Dio così com'è, oltre la retorica

Dio è amore invisibile. L'asciutta poetica di Twardowski - che viene dalla grande tradizione polacca di due premi Nobel come Czeslaw Milosz e Wislawa Szymborska - ci rivela Dio così com'è, semplicemente, facendo piazza pulita di tanta melassa poetica pseudoreligiosa. Scrive: "Si trova Dio più facilmente non scrivendo di Dio". Oppure: "Gesù non ha mai preso in mano la penna". E infine: "Si scrive un po' ciò che non è", riecheggiando il montaliano "Questo solo oggi possiamo dirti / ciò che non siamo ciò che non vogliamo" (da Ossi di seppia).
Difficile tenere insieme fede e poesia. Essere autori-preti non è una garanzia. Lo confermano le smaliziate parole di un discepolo di Twardowski, Janusz Pasierb, anche lui sacerdote e poeta polacco: "è una grande signora la poesia / e capita di rado in sacrestia". Le eccezioni certo ci sono, a partire dallo stesso Karol Wojtyla, che in gioventù fu attore e poeta, e che da Papa stupì il mondo pubblicando in Italia la sua opera poetica completa, dal dramma giovanile La bottega dell'orefice al più recente Trittico romano. Ma dove finisce la poesia e dove inizia la fede? E quanto c'è di poetico in un testo religioso?
Jan Twardowski è un raro esempio di sacerdote che ha avuto il dono di saltare l'ostacolo e fare vera poesia parlando di Dio. In Italia abbiamo avuto la poesia di padre David Maria Turoldo (1916-1992) e del sacerdote rosminiano Clemente Rebora (1885-1957), di cui ancora oggi si discute se l'ispirazione poetica fosse più autentica prima o dopo la conversione.

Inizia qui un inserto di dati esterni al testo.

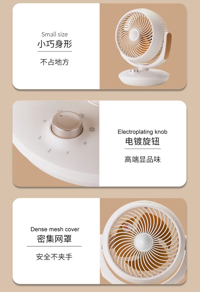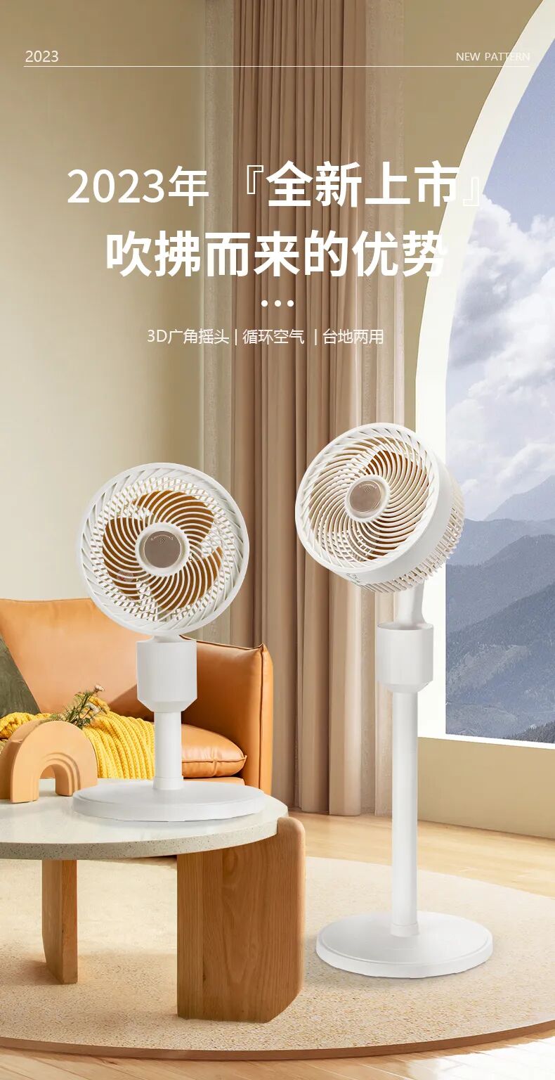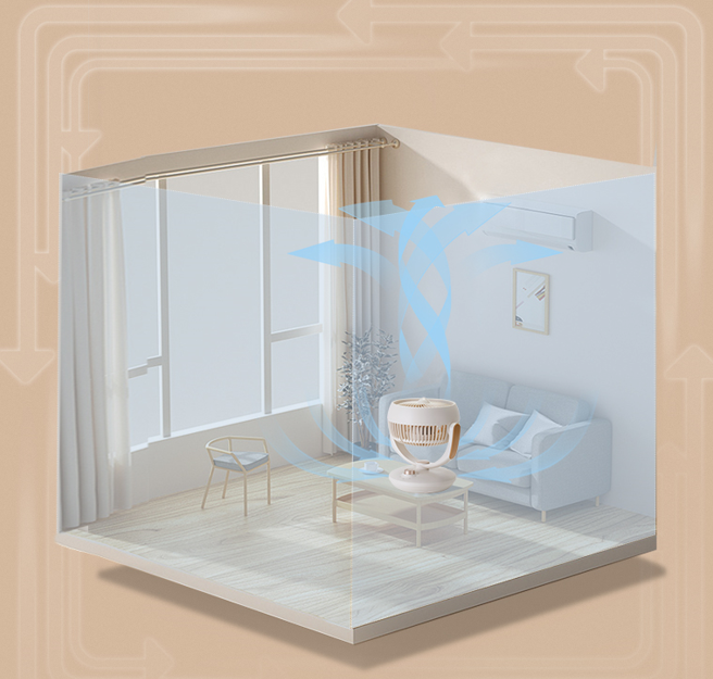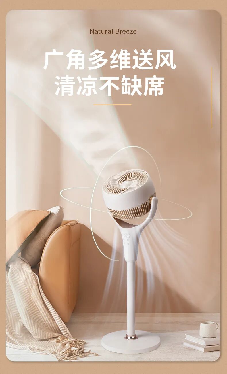 循环扇通过涡轮设计、倒流格栅、有一定长度的圆筒设计,能让风呈螺旋状吹出来。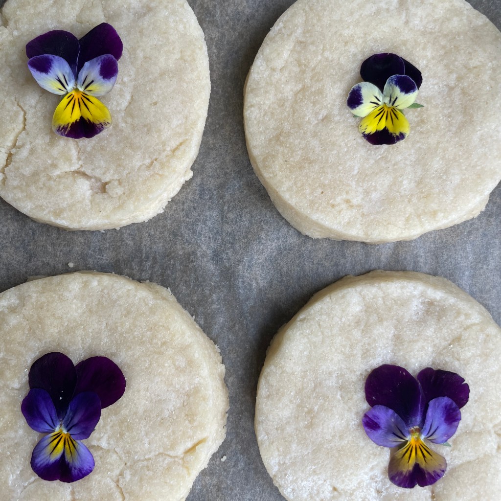 My go-to method for using edible flowers is to scatter them on a salad, but if you’d like to go beyond this classic use, there are numerous more unusual possibilities. Violas, for example, look lovely when wrapped up with shrimp and vegetables in a Vietnamese summer roll, or when pressed in paper under a heavy book for just an hour and then placed on baked cookies. (First, with a pastry brush, put egg white diluted with 1 tsp. water on top of the cookies, then put on the flowers and brush again over top of them to keep them in place, then sprinkle with a bit of sugar and bake the cookies for three more minutes.)

D'altronde, come scrive lo stesso Twardowski: "Io, un sacerdote, credo a Dio come un bambino". E di fronte al mistero, tra poesia e fede l'uomo di Dio fa un passo indietro e sceglie sempre la fede.

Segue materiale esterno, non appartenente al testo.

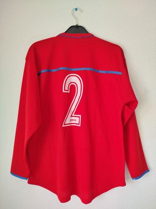 Camiseta muy rara del Getafe del año 2005. Es original, en su versión de manga larga para jugadores. Patrocinador: PSG. Talla: M. Pequeño defecto de un hilo en el pecho.

Le voci che risuonano nel presente

A meno di essere poeti mistici come il grande Jacopone da Todi (1236-1306) e san Giovanni della Croce (1542-1591), uno dei più grandi poeti spagnoli, sacerdote e autore del Cantico spirituale. Oggi veramente un'eccezione ci sarebbe: si tratta di Giovanni Costantini, settantatreenne sacerdote e poeta di Sandrigo (Vicenza), che rappresenta un interessante e originale esempio di linguaggio mistico con i suoi dialoghi serrati a tu per tu con lo Sposo del Cantico dei cantici (Lo sposo è mezzanotte, Ares; Nei blu di santa Trinità, Santi Quaranta).
Un ultimo esempio di poesia che va a braccetto con la teologia è rappresentato dalla recente uscita in Italia della raccolta La dodicesima notte (Ancora), libro-rivelazione dell'attuale arcivescovo di Canterbury, il gallese Rowan William, primate della Chiesa anglicana. Parole scabre come pietre. Concretissime eppure visionarie ed epifaniche. Così forti da richiamare alla mente la domanda del teologo tedesco Karl Rahner: "Dove sono finiti i bei tempi in cui i grandi teologi erano anche poeti e componevano inni?".

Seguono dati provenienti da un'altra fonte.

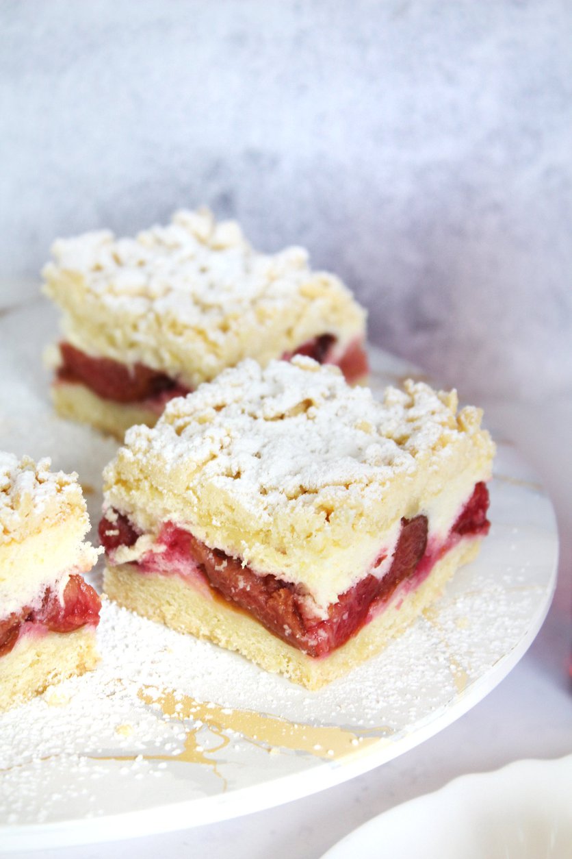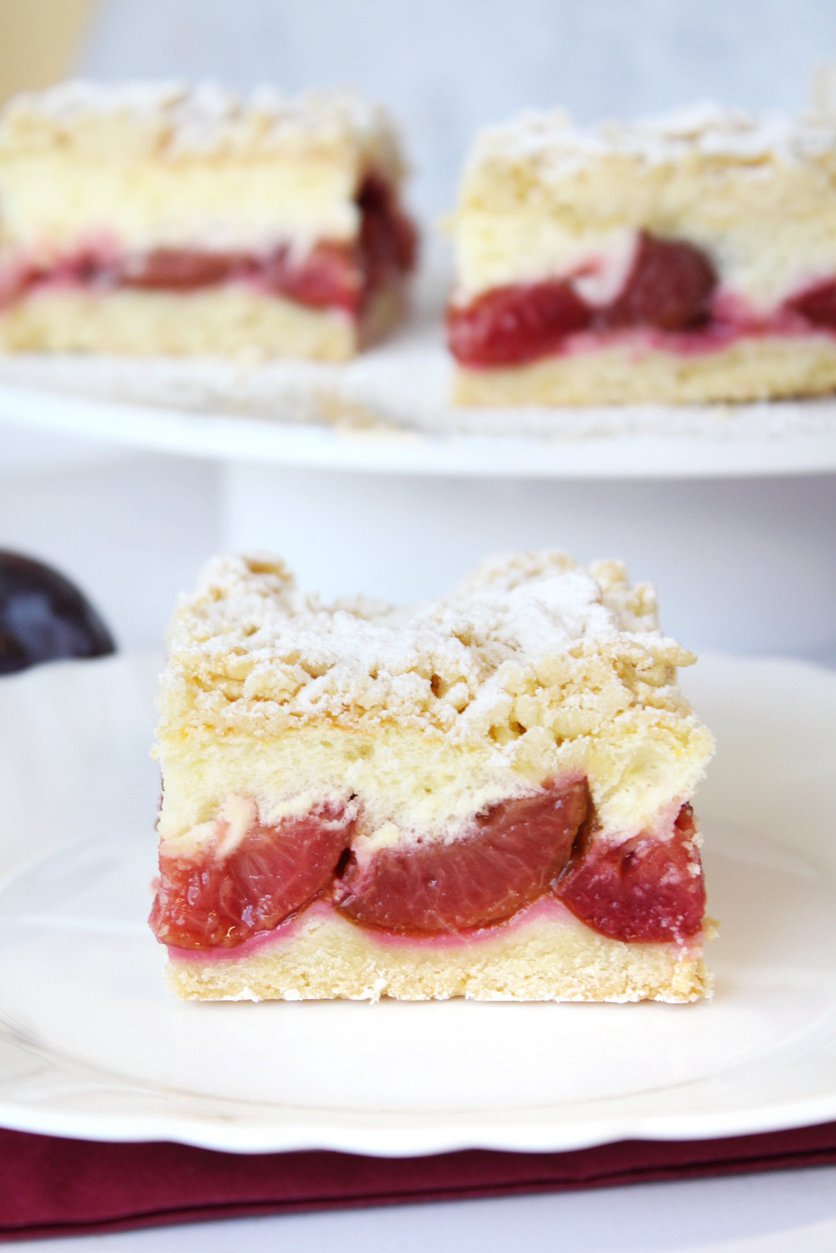 Ciasto ze śliwkami i budyniową pianką

IL POETA DI VARSAVIA (scheda biografica)

Jan Twardowski (1915-2006) è uno dei più noti poeti polacchi, tradotto in molte lingue e insignito di premi a livello internazionale. Nasce a Varsavia, città dove intraprende gli studi letterari, interrotti nel 1939 allo scoppio della Seconda guerra mondiale. Partecipa all'insurrezione del 1944; ferito e arrestato, riesce a evitare la deportazione in Germania e rientra a Varsavia dove, all'età di 30 anni, entra nel seminario metropolita e riprende gli studi. Ordinato sacerdote nel 1948, è viceparroco, insegnante di religione e poi rettore della chiesa di San Giuseppe presso il convento delle Visitandine. Inizia a pubblicare poesie nel 1932 su una rivista studentesca, ma la sua prima raccolta ufficiale risale al 1937. Seguirono "Poesie" (1959) e poi "Segni di fiducia" (1970), opera che lo rivelò al grande pubblico internazionale e gli valse l'appellativo di "poeta di corte di Giovanni XXIII".